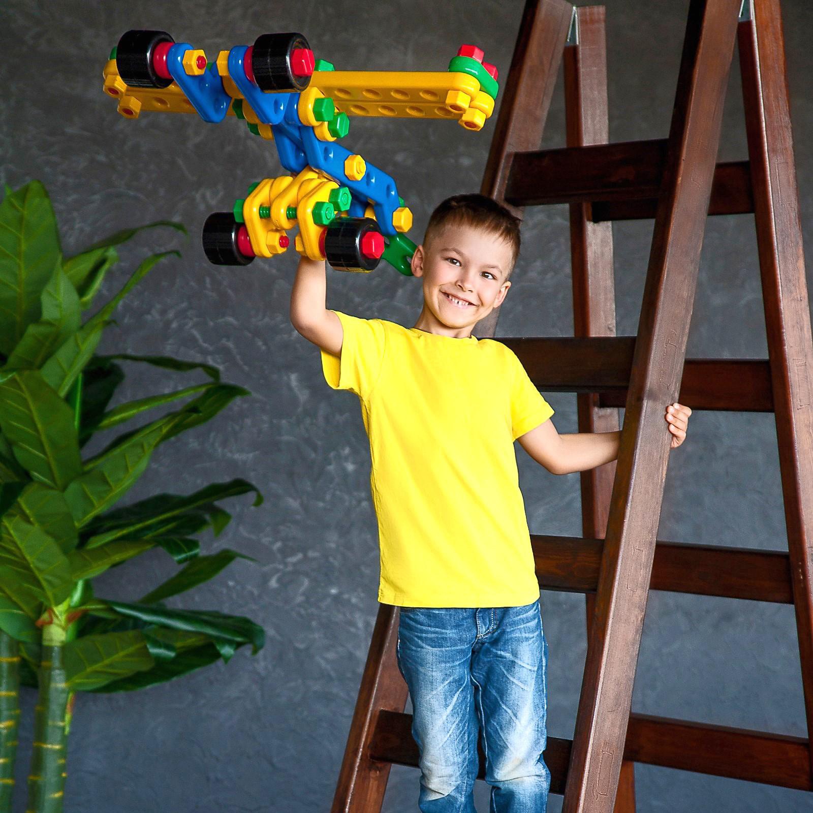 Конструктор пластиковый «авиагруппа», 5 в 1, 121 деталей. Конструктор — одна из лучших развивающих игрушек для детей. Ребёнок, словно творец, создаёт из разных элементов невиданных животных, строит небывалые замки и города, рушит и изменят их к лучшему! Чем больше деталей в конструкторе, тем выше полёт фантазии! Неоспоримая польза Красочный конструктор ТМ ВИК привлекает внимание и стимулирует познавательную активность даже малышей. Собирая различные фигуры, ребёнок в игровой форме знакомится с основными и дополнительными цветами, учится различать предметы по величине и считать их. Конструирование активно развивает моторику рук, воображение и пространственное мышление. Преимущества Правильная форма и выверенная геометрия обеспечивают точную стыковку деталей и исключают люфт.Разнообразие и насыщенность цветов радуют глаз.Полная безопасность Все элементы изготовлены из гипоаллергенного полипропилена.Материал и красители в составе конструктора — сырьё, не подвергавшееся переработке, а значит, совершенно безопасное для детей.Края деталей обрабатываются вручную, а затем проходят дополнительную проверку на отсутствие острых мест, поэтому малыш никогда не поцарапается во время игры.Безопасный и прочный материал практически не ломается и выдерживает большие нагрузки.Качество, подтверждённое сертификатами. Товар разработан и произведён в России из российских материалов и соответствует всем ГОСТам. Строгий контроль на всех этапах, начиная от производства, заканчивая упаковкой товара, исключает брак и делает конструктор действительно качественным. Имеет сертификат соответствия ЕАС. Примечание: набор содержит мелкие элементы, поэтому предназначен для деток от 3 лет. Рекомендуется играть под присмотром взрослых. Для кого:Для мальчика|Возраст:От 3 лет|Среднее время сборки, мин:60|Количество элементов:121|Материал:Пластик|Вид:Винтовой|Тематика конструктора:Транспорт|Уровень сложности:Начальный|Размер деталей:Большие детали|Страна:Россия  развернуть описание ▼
---
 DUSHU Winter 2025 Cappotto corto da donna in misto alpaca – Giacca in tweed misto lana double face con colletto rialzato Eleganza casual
---
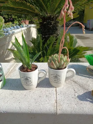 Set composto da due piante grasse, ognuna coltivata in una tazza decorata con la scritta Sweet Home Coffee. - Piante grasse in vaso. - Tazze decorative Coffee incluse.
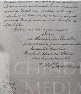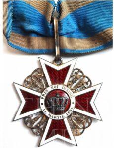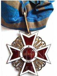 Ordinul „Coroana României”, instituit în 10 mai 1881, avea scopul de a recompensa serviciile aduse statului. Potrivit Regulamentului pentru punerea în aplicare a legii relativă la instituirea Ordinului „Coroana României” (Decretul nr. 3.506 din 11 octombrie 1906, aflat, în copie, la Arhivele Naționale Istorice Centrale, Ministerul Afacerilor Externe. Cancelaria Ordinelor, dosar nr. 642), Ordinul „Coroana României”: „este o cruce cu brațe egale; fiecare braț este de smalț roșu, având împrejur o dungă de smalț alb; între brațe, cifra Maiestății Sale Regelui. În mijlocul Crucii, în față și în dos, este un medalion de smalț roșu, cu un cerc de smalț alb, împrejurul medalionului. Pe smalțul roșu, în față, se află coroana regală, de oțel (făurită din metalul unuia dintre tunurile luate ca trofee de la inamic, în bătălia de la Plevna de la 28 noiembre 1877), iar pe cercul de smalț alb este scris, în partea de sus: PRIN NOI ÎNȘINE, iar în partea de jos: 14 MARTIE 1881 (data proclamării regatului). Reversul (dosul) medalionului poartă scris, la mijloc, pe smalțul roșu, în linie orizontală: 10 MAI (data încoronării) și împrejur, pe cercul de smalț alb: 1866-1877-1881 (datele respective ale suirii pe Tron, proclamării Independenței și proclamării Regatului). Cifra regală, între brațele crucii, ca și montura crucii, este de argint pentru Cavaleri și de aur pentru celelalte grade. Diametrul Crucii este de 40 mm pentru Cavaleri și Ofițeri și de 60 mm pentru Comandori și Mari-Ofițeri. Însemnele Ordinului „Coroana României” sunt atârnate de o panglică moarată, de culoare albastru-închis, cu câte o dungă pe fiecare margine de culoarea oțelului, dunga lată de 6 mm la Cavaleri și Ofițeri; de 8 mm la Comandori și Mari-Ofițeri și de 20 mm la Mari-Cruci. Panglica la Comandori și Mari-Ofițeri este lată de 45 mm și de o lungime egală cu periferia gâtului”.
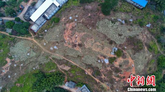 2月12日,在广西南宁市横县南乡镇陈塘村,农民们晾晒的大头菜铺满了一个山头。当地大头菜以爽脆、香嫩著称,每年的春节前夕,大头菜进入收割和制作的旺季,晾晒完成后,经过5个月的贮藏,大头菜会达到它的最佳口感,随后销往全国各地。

▶ [What is needed]:
Although pictures appear among the records above, none are to be output; print exactly the lines from the line containing "instituit în 10" through the line containing "2月12日,在广西南宁市横县".

▶ [Exercise solution]:
 Ordinul „Coroana României”, instituit în 10 mai 1881, avea scopul de a recompensa serviciile aduse statului. Potrivit Regulamentului pentru punerea în aplicare a legii relativă la instituirea Ordinului „Coroana României” (Decretul nr. 3.506 din 11 octombrie 1906, aflat, în copie, la Arhivele Naționale Istorice Centrale, Ministerul Afacerilor Externe. Cancelaria Ordinelor, dosar nr. 642), Ordinul „Coroana României”: „este o cruce cu brațe egale; fiecare braț este de smalț roșu, având împrejur o dungă de smalț alb; între brațe, cifra Maiestății Sale Regelui. În mijlocul Crucii, în față și în dos, este un medalion de smalț roșu, cu un cerc de smalț alb, împrejurul medalionului. Pe smalțul roșu, în față, se află coroana regală, de oțel (făurită din metalul unuia dintre tunurile luate ca trofee de la inamic, în bătălia de la Plevna de la 28 noiembre 1877), iar pe cercul de smalț alb este scris, în partea de sus: PRIN NOI ÎNȘINE, iar în partea de jos: 14 MARTIE 1881 (data proclamării regatului). Reversul (dosul) medalionului poartă scris, la mijloc, pe smalțul roșu, în linie orizontală: 10 MAI (data încoronării) și împrejur, pe cercul de smalț alb: 1866-1877-1881 (datele respective ale suirii pe Tron, proclamării Independenței și proclamării Regatului). Cifra regală, între brațele crucii, ca și montura crucii, este de argint pentru Cavaleri și de aur pentru celelalte grade. Diametrul Crucii este de 40 mm pentru Cavaleri și Ofițeri și de 60 mm pentru Comandori și Mari-Ofițeri. Însemnele Ordinului „Coroana României” sunt atârnate de o panglică moarată, de culoare albastru-închis, cu câte o dungă pe fiecare margine de culoarea oțelului, dunga lată de 6 mm la Cavaleri și Ofițeri; de 8 mm la Comandori și Mari-Ofițeri și de 20 mm la Mari-Cruci. Panglica la Comandori și Mari-Ofițeri este lată de 45 mm și de o lungime egală cu periferia gâtului”.
 2月12日,在广西南宁市横县南乡镇陈塘村,农民们晾晒的大头菜铺满了一个山头。当地大头菜以爽脆、香嫩著称,每年的春节前夕,大头菜进入收割和制作的旺季,晾晒完成后,经过5个月的贮藏,大头菜会达到它的最佳口感,随后销往全国各地。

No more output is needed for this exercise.